Electrical Characteristics of 14nm SiC-3C Channel SOI FinFET with Dual-k Spacer

FinFETs have been the most promising replacement of MOSFETs for nanoscale era. Below 20nm, performance is highly degraded due to severe short channel effects (SCEs). In this paper, the electrical performance of SOI FinFET has been examined at 14nm gate length. Channel material used is SiC-3C because of its high carrier transport. Dual-k spacers are used in the underlap region between gate and source/drain.

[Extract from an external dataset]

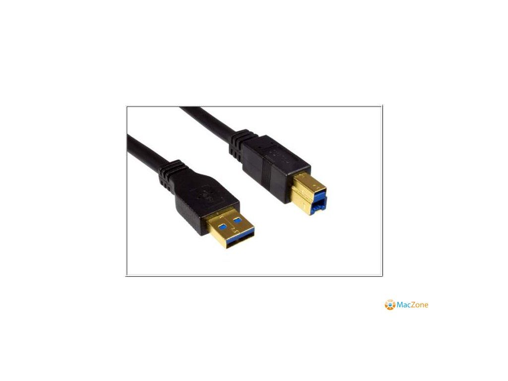 MacPower USB 3.0 kabel A/B 5m , černý, zlacené konektory , stíněný

Density gradient quantum correction model has been used in simulations to include quantum mechanical (QM) effects in the nanoscale device. Also, dependence of high field effects on mobility has been taken into account. Input parameters like buried oxide thickness, m pound height and fin thickness were varied to analyze their impact on output parameters i.e. on current (I-on), off current (I-off), on/off ratio (I-on/I-off) and Subthreshold Swing (SS). It was observed that highest I-on of 1.128e-05 is achieved for H-fin =24nm and T-fin =8nm, leakage current obtained is 5.629e-15 for H-fin =16nm and T-fin = 4nm, on/off current is of the order of 1e08. Minimum SS is 62mV/dec for thin fins of designed SOI FinFET.